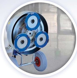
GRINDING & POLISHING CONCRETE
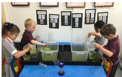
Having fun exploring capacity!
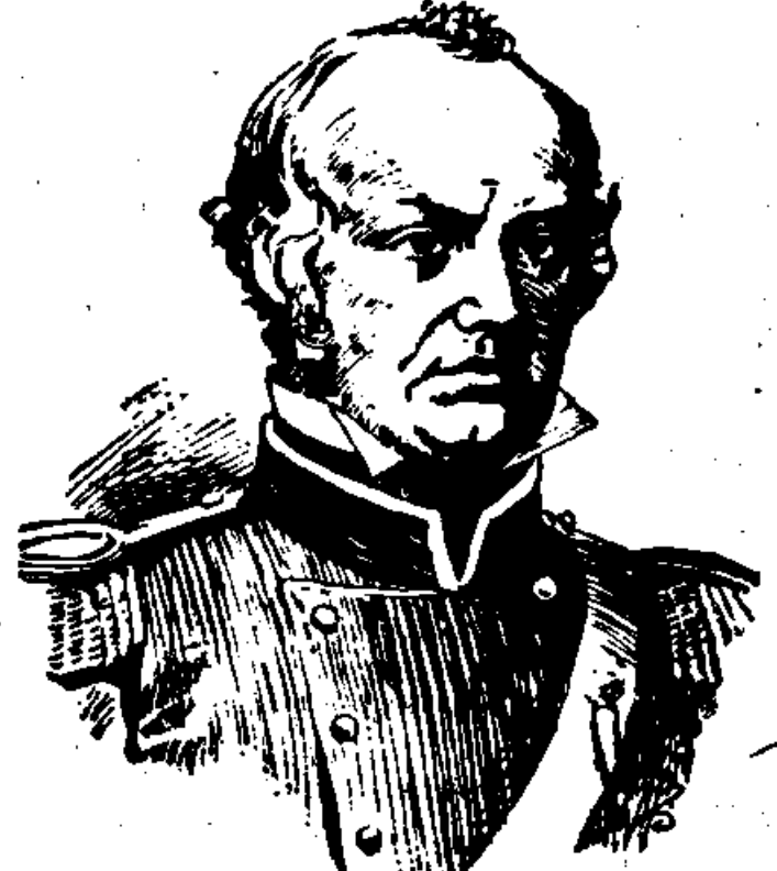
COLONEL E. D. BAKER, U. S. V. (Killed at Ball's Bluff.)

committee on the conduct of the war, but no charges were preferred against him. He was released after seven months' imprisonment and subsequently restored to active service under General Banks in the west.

* * *

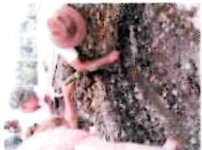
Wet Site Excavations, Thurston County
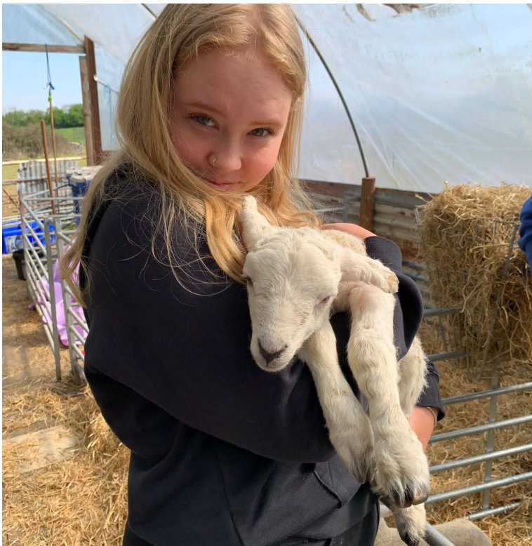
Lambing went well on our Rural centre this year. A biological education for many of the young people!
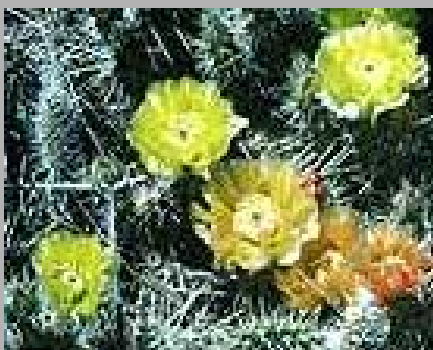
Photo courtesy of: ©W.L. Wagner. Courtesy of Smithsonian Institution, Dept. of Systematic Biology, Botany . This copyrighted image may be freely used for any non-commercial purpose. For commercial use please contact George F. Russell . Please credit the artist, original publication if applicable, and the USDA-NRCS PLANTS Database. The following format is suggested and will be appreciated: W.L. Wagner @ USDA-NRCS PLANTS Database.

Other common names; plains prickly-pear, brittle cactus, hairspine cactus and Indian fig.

**The task**
Once the line with "GRINDING & POLISHING CONCRETE" has been found above, output that line and every later line exactly, stopping after the line with "committee on the", and omit the pictures.

**Output of the exercise**
GRINDING & POLISHING CONCRETE
Having fun exploring capacity!
COLONEL E. D. BAKER, U. S. V. (Killed at Ball's Bluff.)

committee on the conduct of the war, but no charges were preferred against him. He was released after seven months' imprisonment and subsequently restored to active service under General Banks in the west.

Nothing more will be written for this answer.